### Material to process
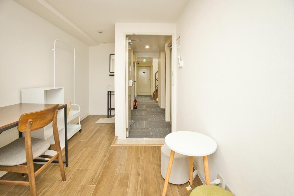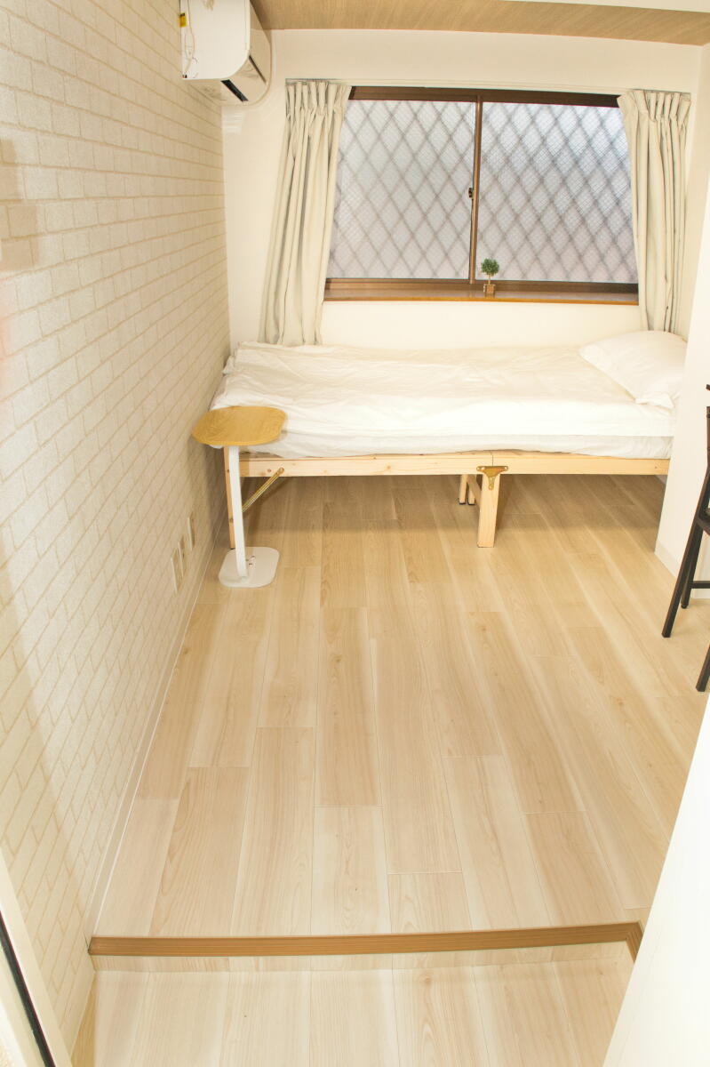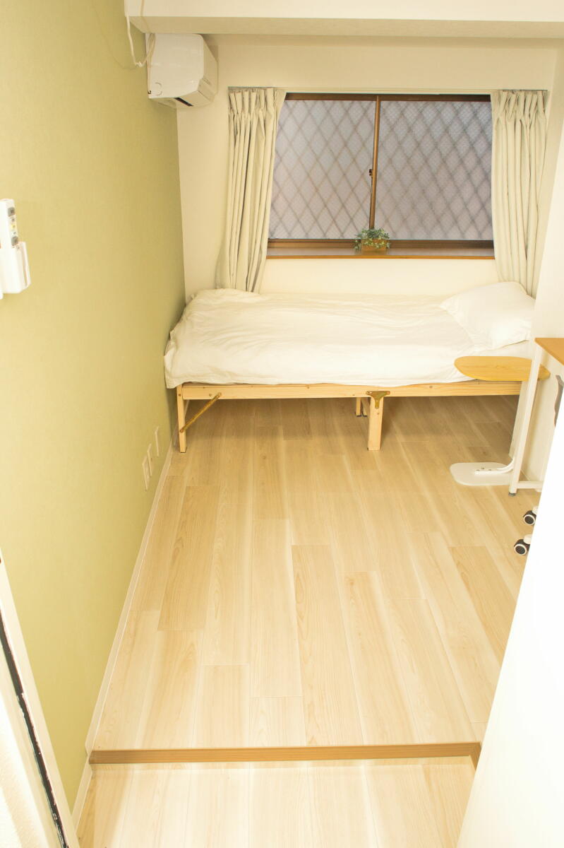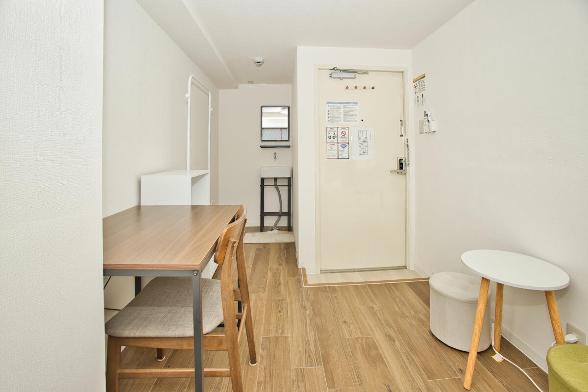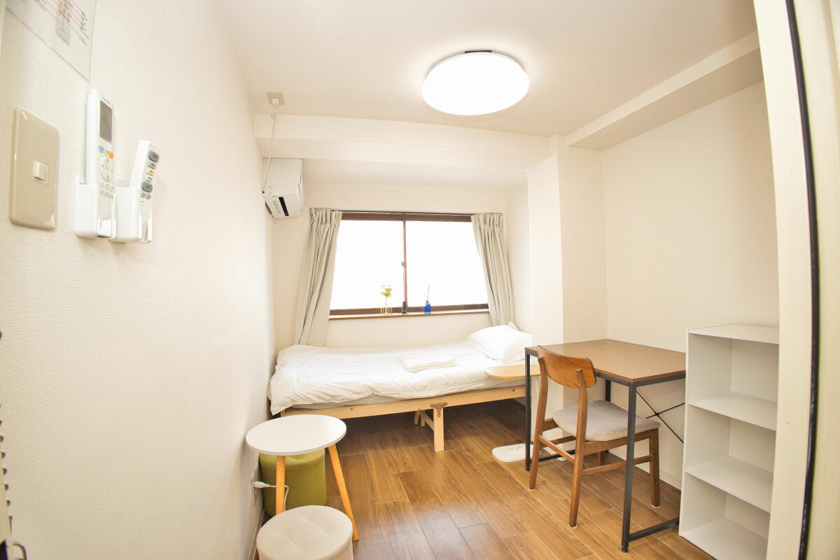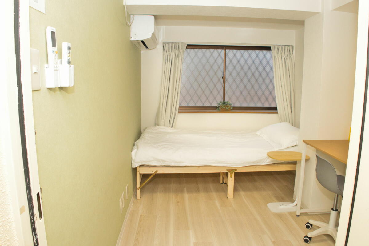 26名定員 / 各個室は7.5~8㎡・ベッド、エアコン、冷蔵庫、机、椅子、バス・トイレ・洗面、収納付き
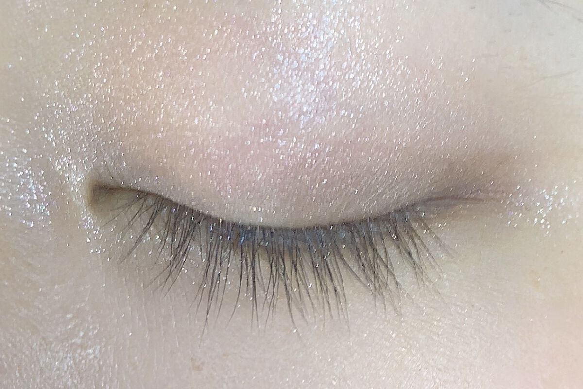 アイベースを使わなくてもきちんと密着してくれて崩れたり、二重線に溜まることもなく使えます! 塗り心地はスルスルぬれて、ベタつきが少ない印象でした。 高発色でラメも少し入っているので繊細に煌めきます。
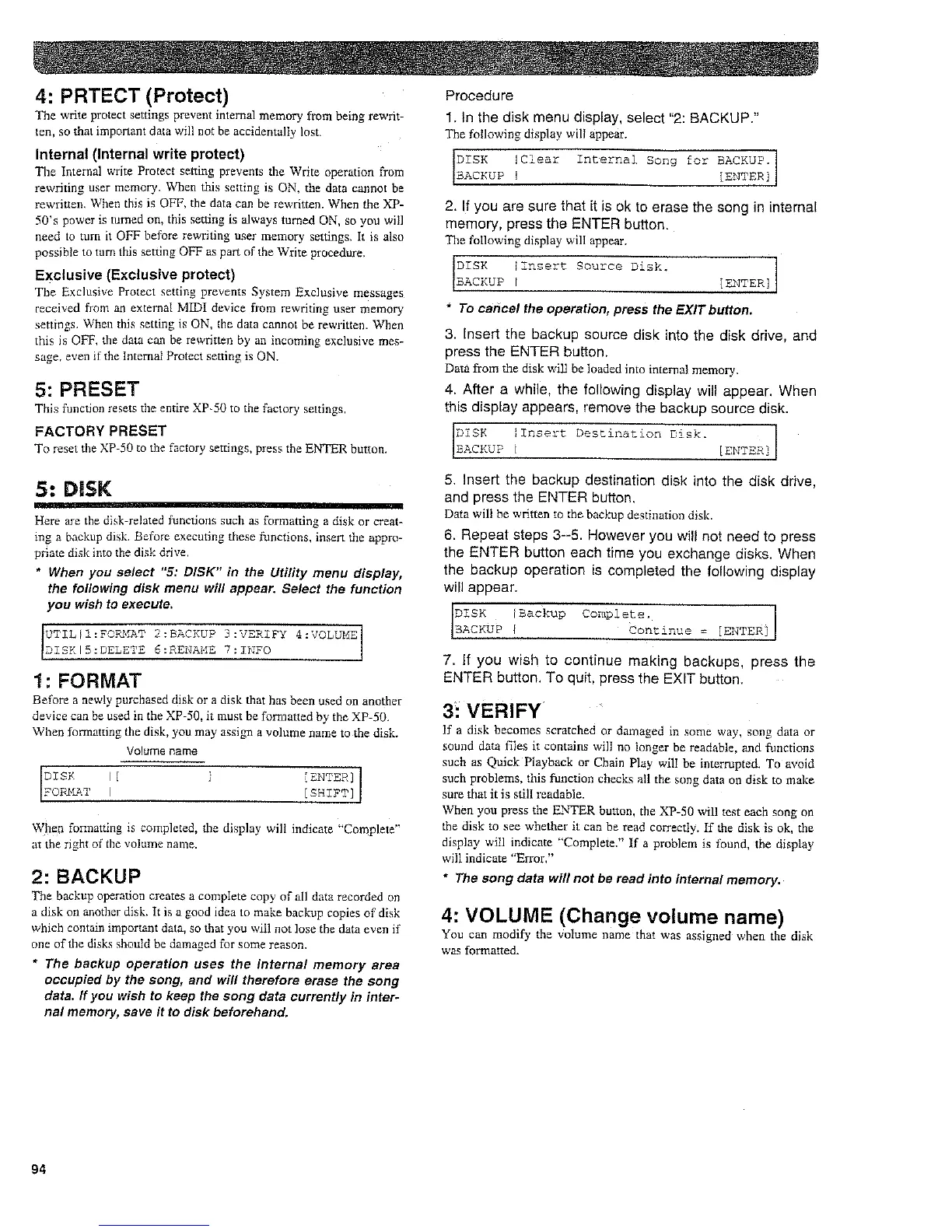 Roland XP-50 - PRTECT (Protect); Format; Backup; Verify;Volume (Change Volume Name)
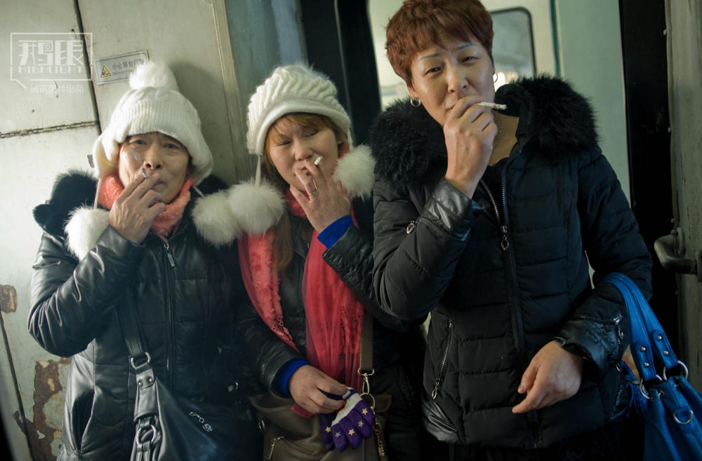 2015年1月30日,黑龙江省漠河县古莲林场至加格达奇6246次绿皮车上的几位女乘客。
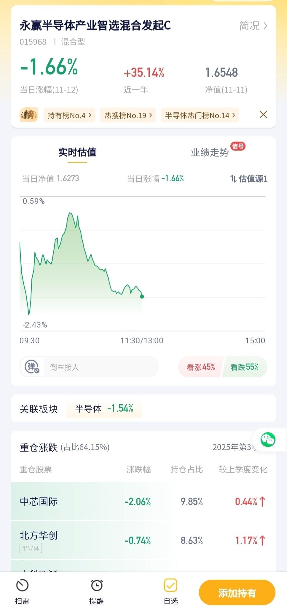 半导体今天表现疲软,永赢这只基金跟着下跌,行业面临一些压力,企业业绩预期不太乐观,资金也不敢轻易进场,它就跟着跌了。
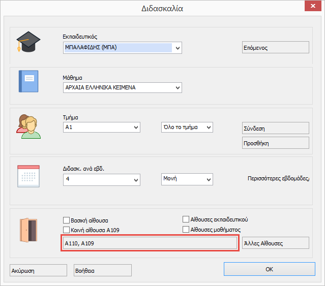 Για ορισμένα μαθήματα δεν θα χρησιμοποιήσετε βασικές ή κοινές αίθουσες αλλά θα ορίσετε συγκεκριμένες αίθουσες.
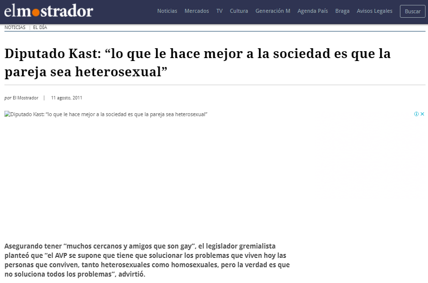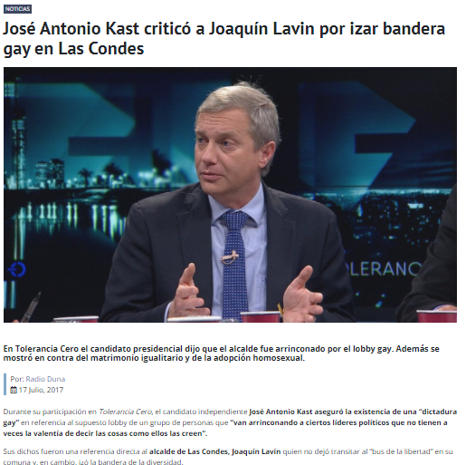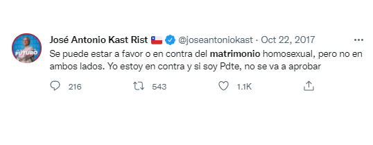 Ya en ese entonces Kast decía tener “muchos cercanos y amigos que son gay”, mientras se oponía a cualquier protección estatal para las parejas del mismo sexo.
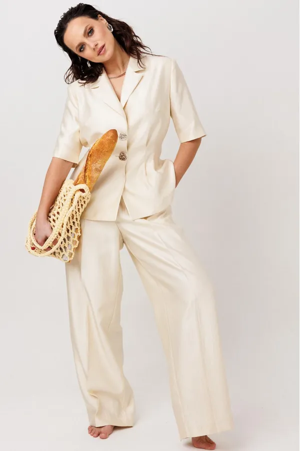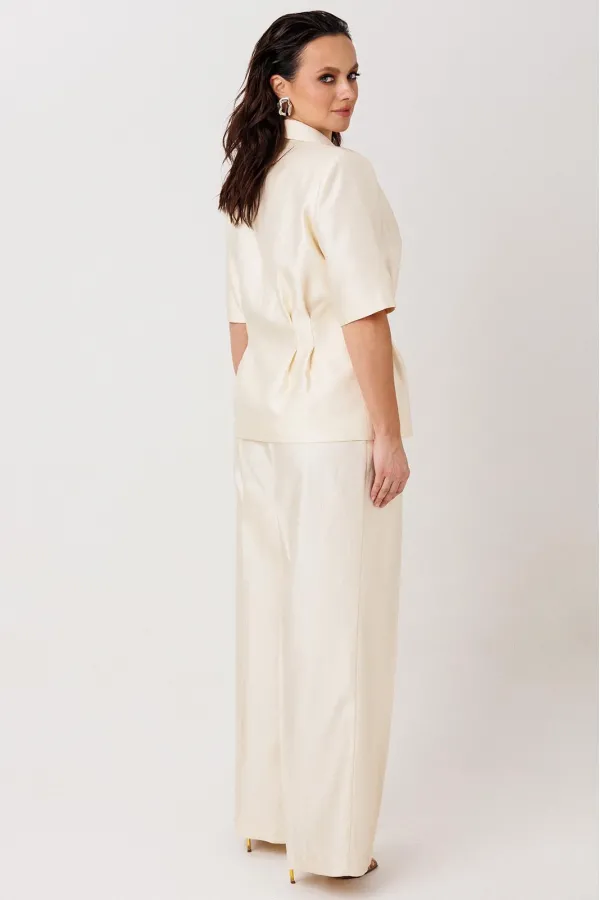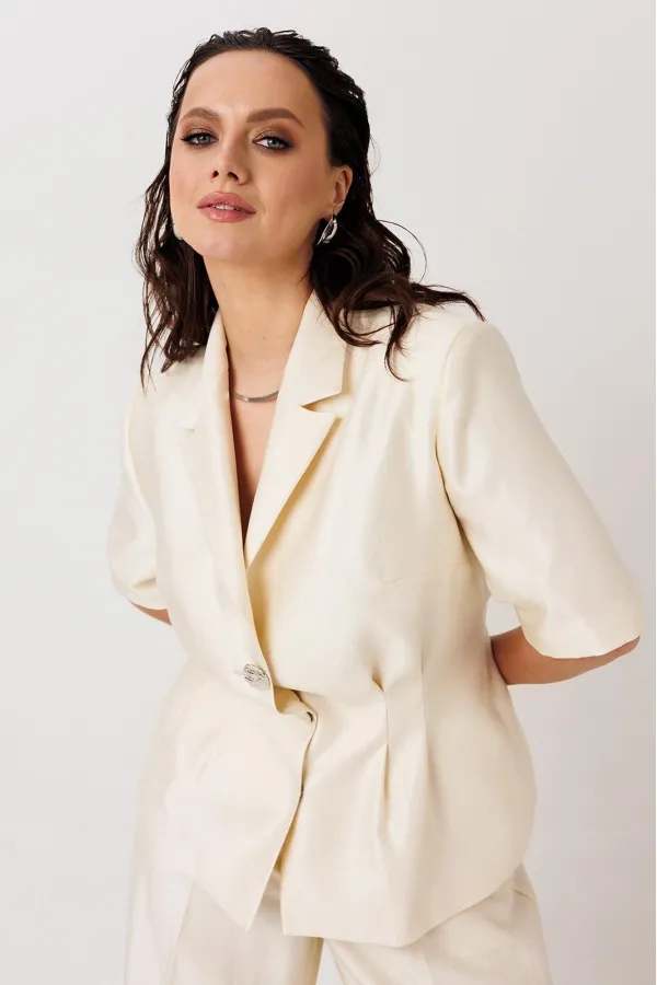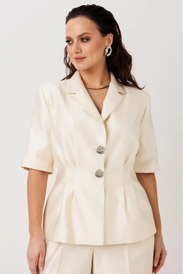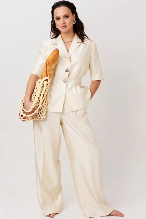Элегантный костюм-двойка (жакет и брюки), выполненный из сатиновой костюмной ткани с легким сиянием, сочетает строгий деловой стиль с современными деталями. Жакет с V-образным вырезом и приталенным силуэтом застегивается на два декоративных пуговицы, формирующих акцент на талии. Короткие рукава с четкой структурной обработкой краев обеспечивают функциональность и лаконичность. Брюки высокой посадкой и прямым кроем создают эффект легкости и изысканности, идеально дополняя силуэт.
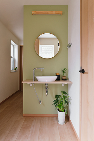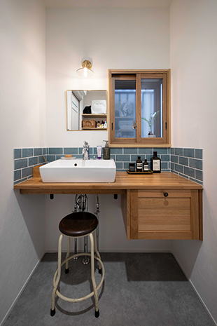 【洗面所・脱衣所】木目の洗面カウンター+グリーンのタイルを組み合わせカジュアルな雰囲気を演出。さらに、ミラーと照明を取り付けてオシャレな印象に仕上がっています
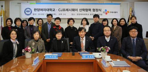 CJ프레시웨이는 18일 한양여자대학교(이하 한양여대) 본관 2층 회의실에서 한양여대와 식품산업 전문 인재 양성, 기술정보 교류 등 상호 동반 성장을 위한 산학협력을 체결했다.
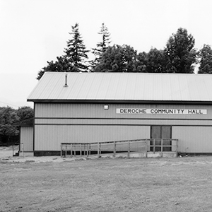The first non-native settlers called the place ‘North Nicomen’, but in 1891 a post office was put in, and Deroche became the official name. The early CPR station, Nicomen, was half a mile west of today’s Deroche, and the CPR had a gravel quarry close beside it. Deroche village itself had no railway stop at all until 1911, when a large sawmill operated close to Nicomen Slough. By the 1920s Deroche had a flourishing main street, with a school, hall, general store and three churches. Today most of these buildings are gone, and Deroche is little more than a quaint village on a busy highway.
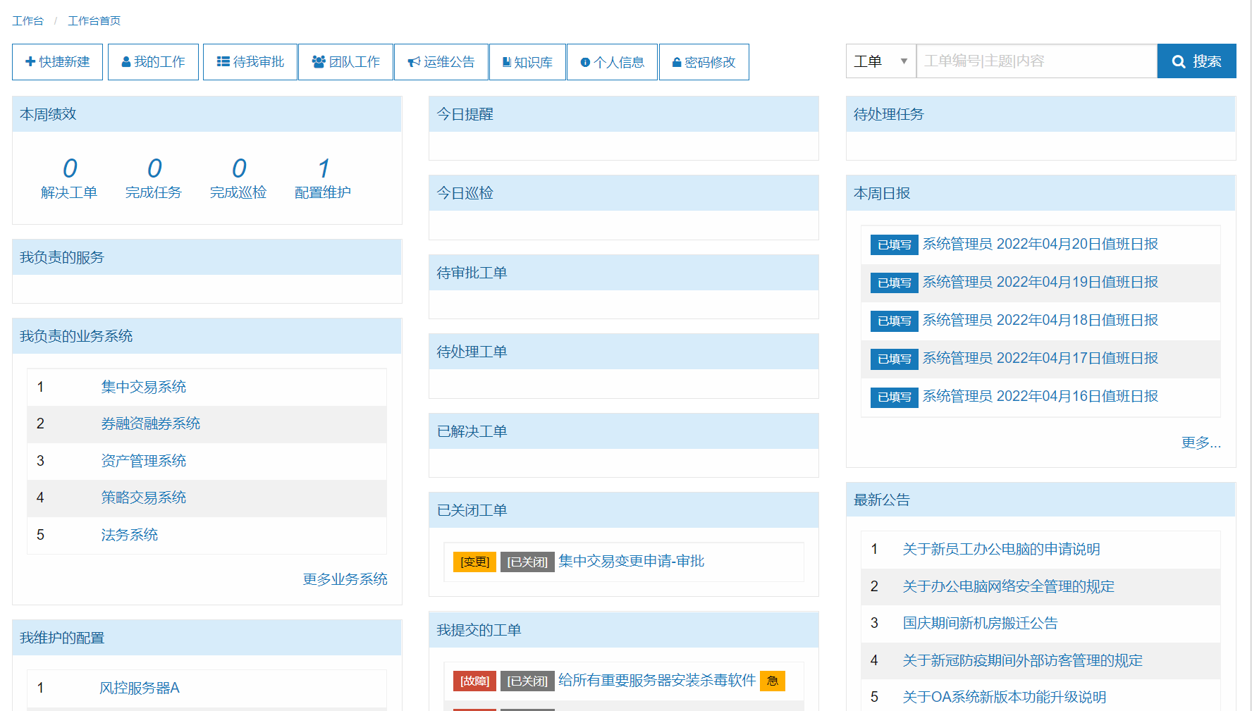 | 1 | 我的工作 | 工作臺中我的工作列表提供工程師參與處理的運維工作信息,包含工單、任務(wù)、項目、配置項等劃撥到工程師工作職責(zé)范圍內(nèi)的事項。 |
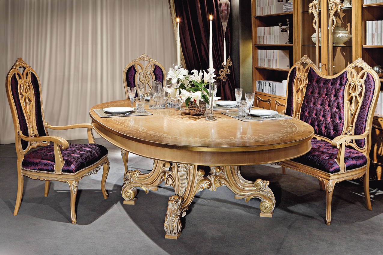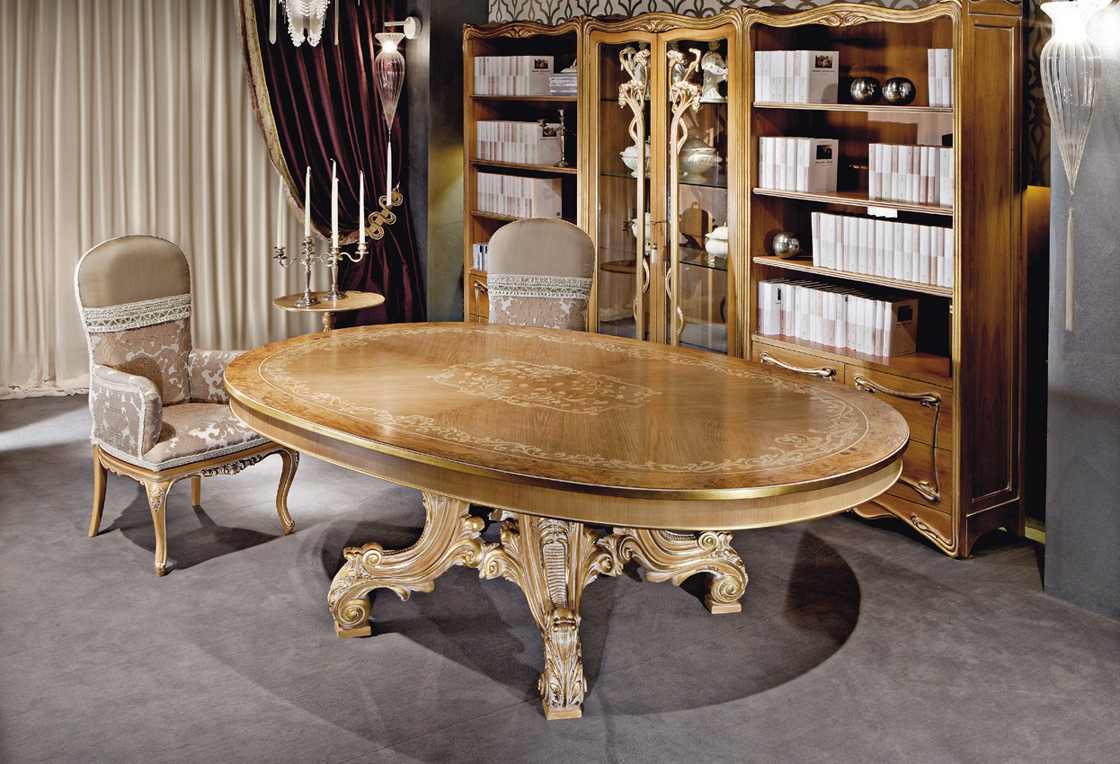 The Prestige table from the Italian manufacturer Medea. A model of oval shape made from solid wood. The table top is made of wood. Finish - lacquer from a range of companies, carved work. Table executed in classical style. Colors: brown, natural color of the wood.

### What you are asked to do
Give again, word for word, only the lines that run from the top of the data above through the line with "Ya en ese entonces". Drop the pictures.

### Task answer
 26名定員 / 各個室は7.5~8㎡・ベッド、エアコン、冷蔵庫、机、椅子、バス・トイレ・洗面、収納付き
 アイベースを使わなくてもきちんと密着してくれて崩れたり、二重線に溜まることもなく使えます! 塗り心地はスルスルぬれて、ベタつきが少ない印象でした。 高発色でラメも少し入っているので繊細に煌めきます。
 Roland XP-50 - PRTECT (Protect); Format; Backup; Verify;Volume (Change Volume Name)
 2015年1月30日,黑龙江省漠河县古莲林场至加格达奇6246次绿皮车上的几位女乘客。
 半导体今天表现疲软,永赢这只基金跟着下跌,行业面临一些压力,企业业绩预期不太乐观,资金也不敢轻易进场,它就跟着跌了。
 Για ορισμένα μαθήματα δεν θα χρησιμοποιήσετε βασικές ή κοινές αίθουσες αλλά θα ορίσετε συγκεκριμένες αίθουσες.
 Ya en ese entonces Kast decía tener “muchos cercanos y amigos que son gay”, mientras se oponía a cualquier protección estatal para las parejas del mismo sexo.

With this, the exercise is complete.